Failure to Ensure Direct Supervision of Medication Administration
Penalty
Summary
Staff failed to adhere to professional standards of care by not ensuring that medications were taken by four observed residents at the time of administration. Specifically, medications were left unattended on dining tables for residents with moderate cognitive impairment, and staff did not confirm ingestion before leaving. In one instance, a resident with moderate cognitive impairment had a medication cup with pills left in front of her for over 30 minutes before the cup was found empty, without staff confirming the medication was taken. Another resident received a powdered supplement in thickened juice, but the powder was not fully dissolved and remnants were left in the cup after the resident had mostly finished the drink.

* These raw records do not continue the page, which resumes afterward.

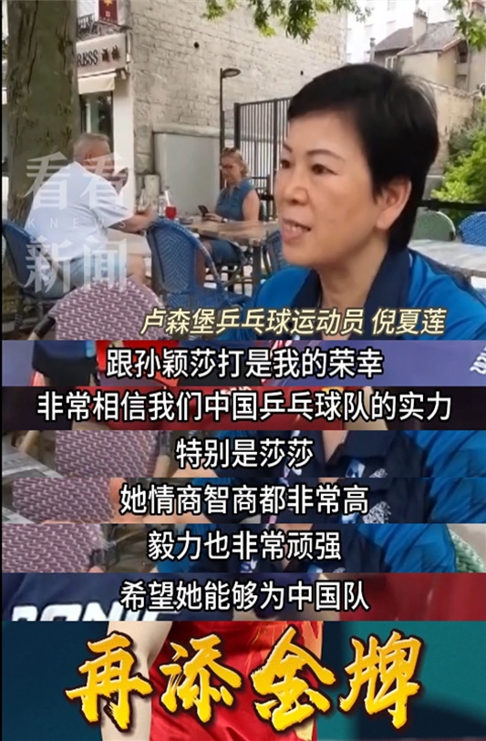 虽然倪夏莲加入了卢森堡国籍,但她始终觉得自己是中国人。在奥运会赛场展示的也是永不言败的中国形象、中国精神。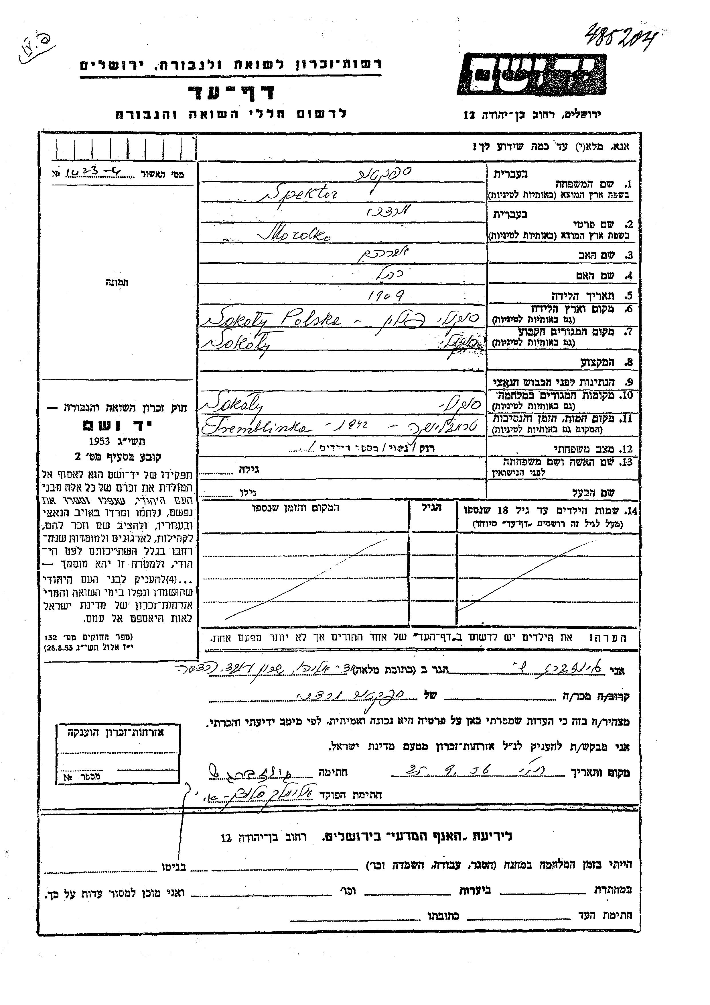 חיפוש שם מוסר דף העד. חיפוש לפי שם משפחה; כולל גם תוצאות חיפוש לפי שם הנעורים של אישה לפני הנישואין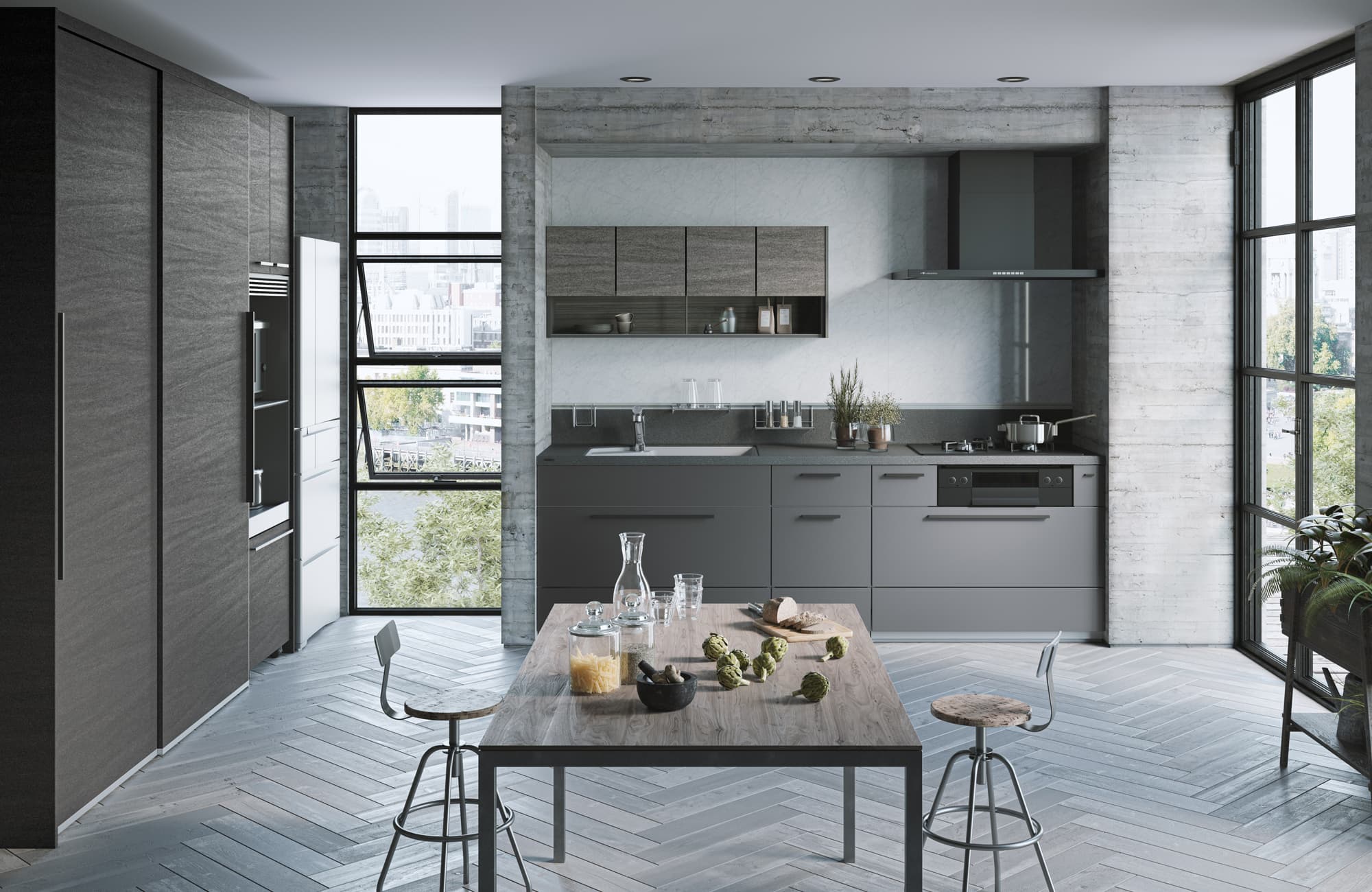 カウンター、扉は「メテオダークグレー」で統一し、深みのあるダークカラーとシルバードットのきらめきが調和する都会的な印象に。

Additionally, a resident picked up a pill from the floor and ingested it without staff supervision, and another resident with moderate cognitive impairment drank an unknown clear substance from a medication cup left on the table, not knowing what it was. Review of medical records showed that none of these residents had a physician's order or assessment supporting their ability to self-administer medications. Interviews with the unlicensed medication aide and LPN confirmed that they left medications on tables without ensuring ingestion, contrary to facility policy and the DON's expectations. The facility's policy required direct observation of medication administration and prohibited leaving medications unattended unless a self-administration assessment and physician's order were in place.